Point O' Woods, supra at 369-70.

The upshot of the foregoing analysis is twofold: first, that when a municipality authorizes its zoning board to grant a variance on some basis other than the traditional showing of exceptional difficulty or unusual hardship resulting from the strict enforcement of local zoning regulations to the property in question, its preference for greater liberality in the enforcement of its comprehensive zoning plan will be honored by the upholding of any variance for which a valid record basis has been established under the alternative substantive standards it has set; and second, that in the absence of any such express authorization, a local zoning board has no power to grant a variance without proof that its denial will result in exceptional difficulty or unusual hardship for the applicant.
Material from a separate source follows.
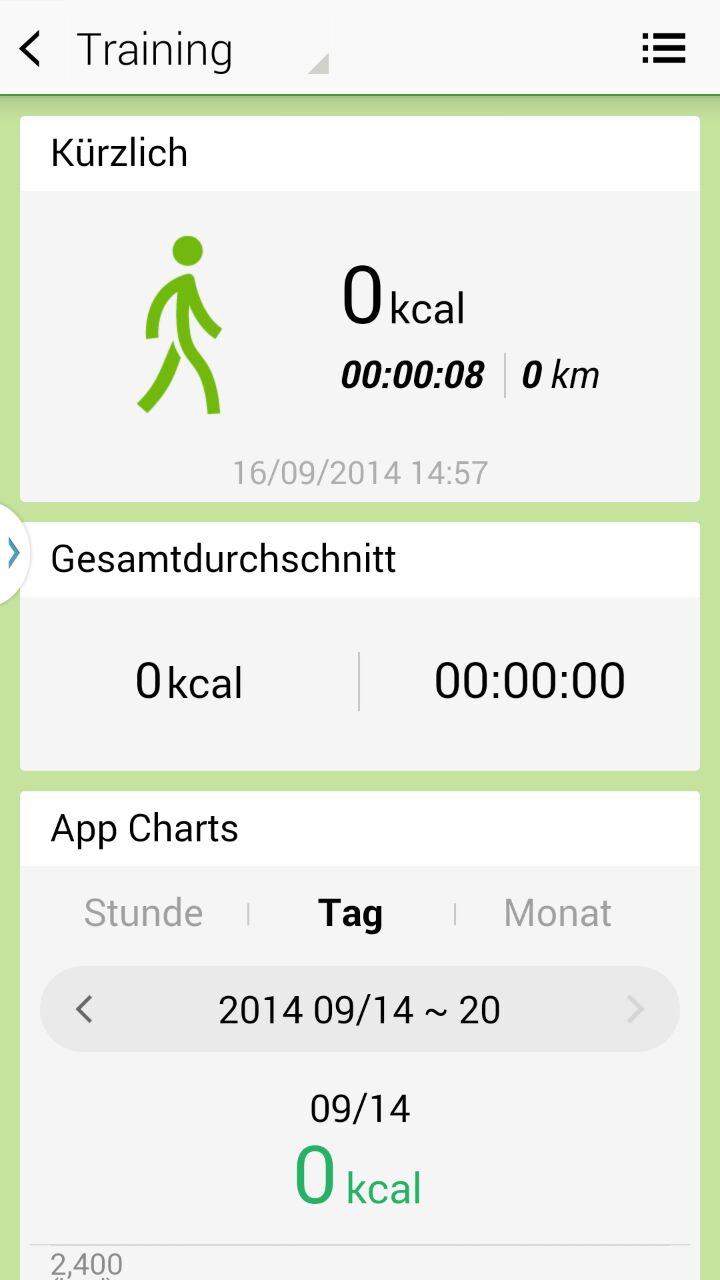 Sollwerte Gehen: 2,8 km, 30min, 3255 Schritte

The question here presented is thus whether or not the town of Plainville has conferred any such unusual authority upon its Zoning Board of Appeals. A review of the Plainville Zoning Regulations clearly shows that it has not.

Article 13 of the Regulations limits the Board's power to grant variances as follows:

The Board of Appeals shall have the power . . ., as specified in Section 8-6 of Chapter 124 of General Statutes of the State of Connecticut, as amended: . . . 3. To determine and vary the application of these Zoning Regulations, solely with respect CT Page 6713 to a parcel of land where, owing to the conditions especially affecting such parcel but not affecting generally the district in which it is located, a literal enforcement of these Regulations would result in exceptional difficulty or unusual hardship. Any such variance to these Zoning Regulations shall be in harmony with their general purpose and intent, and shall be made with due consideration for conserving the public health, safety, convenience, welfare and property values.
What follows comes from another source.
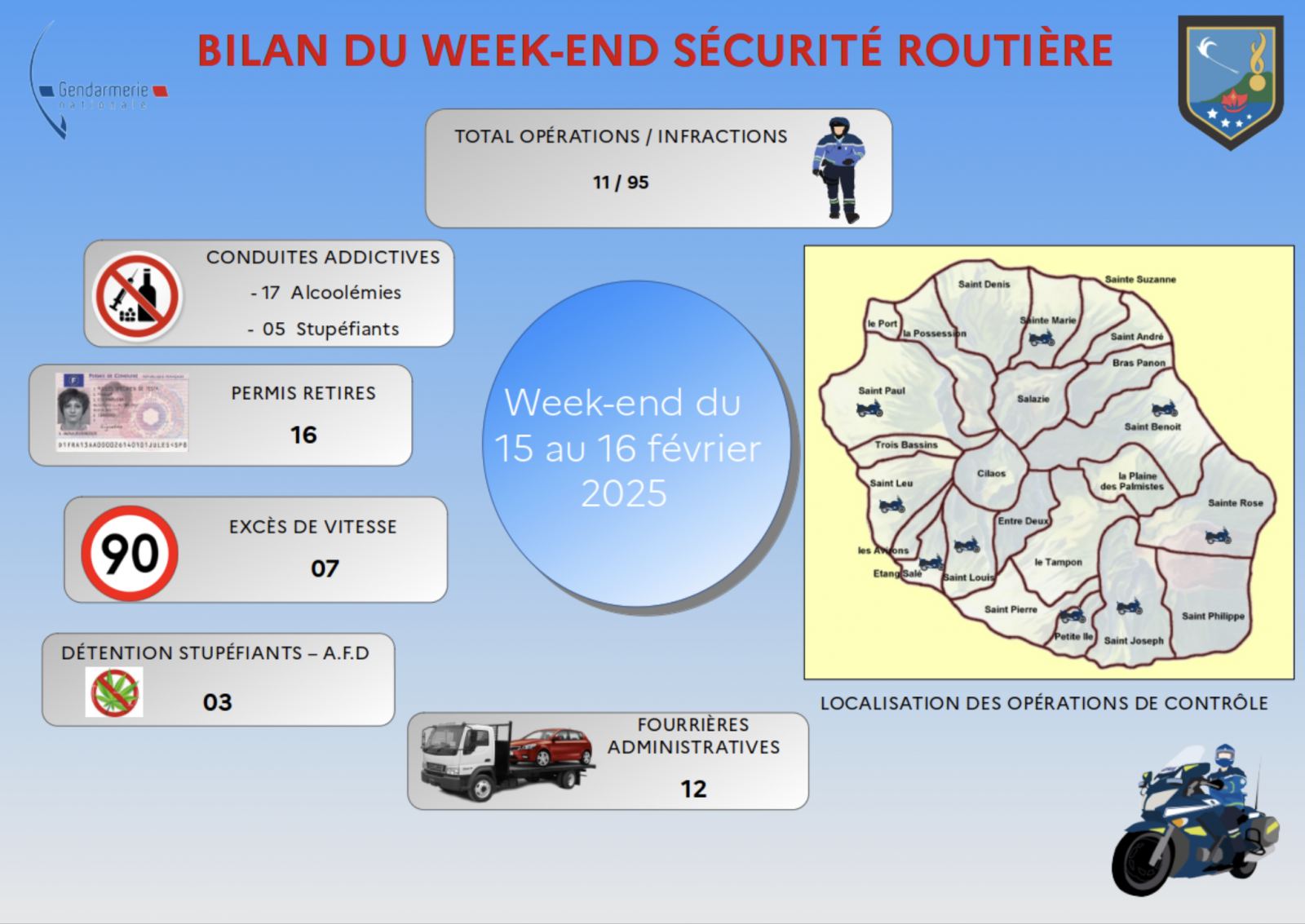 La gendarmerie a réalisé 11 opérations de contrôle, relevant 95 infractions ce week-end du 15 au 16 février 2025. 17 alcoolémies ont été relevées et 5 conduites sous stupéfiants. 16 permis ont été retirés (Photo d'illustration www.imazpress.com)

Not only does this provision expressly require a showing of exceptional difficulty or unusual hardship as a precondition to the granting of a variance, but it makes no provision for the granting of variances on any alternative basis.

Article 7 of the Regulations, moreover, provides in pertinent part as follows:

4. A nonconforming use shall be changed to a conforming use only, except that: (a) A nonconforming use may be changed to another nonconforming use not more objectionable in character by permission of the Planning and Zoning Commission.
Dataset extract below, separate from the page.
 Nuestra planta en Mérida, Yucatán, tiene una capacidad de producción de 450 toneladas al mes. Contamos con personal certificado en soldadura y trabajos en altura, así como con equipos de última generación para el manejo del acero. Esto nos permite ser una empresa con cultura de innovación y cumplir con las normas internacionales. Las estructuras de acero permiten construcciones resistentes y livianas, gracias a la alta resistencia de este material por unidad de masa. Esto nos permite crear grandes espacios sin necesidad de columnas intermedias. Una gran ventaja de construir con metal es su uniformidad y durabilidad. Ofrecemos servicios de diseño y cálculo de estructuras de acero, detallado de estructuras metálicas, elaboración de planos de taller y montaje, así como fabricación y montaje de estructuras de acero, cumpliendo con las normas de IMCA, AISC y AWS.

This provision demonstrates that while Plainville recognizes the appropriateness, under some circumstances, of converting nonconforming uses to other, less offensive nonconforming uses, it has conferred the sole power to authorize such conversions upon its Planning and Zoning Commission, a legislative body with broad powers to make town-wide zoning policy, rather than its quasi-judicial Zoning Board of Appeals.

Thus deprived by the Plainville Zoning Regulation of any power to grant variances without proof of exceptional difficulty or unusual hardship — whether to permit conversions from existing nonconforming uses to other, less offensive nonconforming uses or for any other purpose — the defendant Board plainly exceeded its lawful authority by granting the variance here in question. For that reason, and for all the reasons set forth in this opinion, the plaintiffs' appeal is sustained, and the defendant's decision to grant the challenged variance is overruled.

So ordered this 15th day of July, 1992.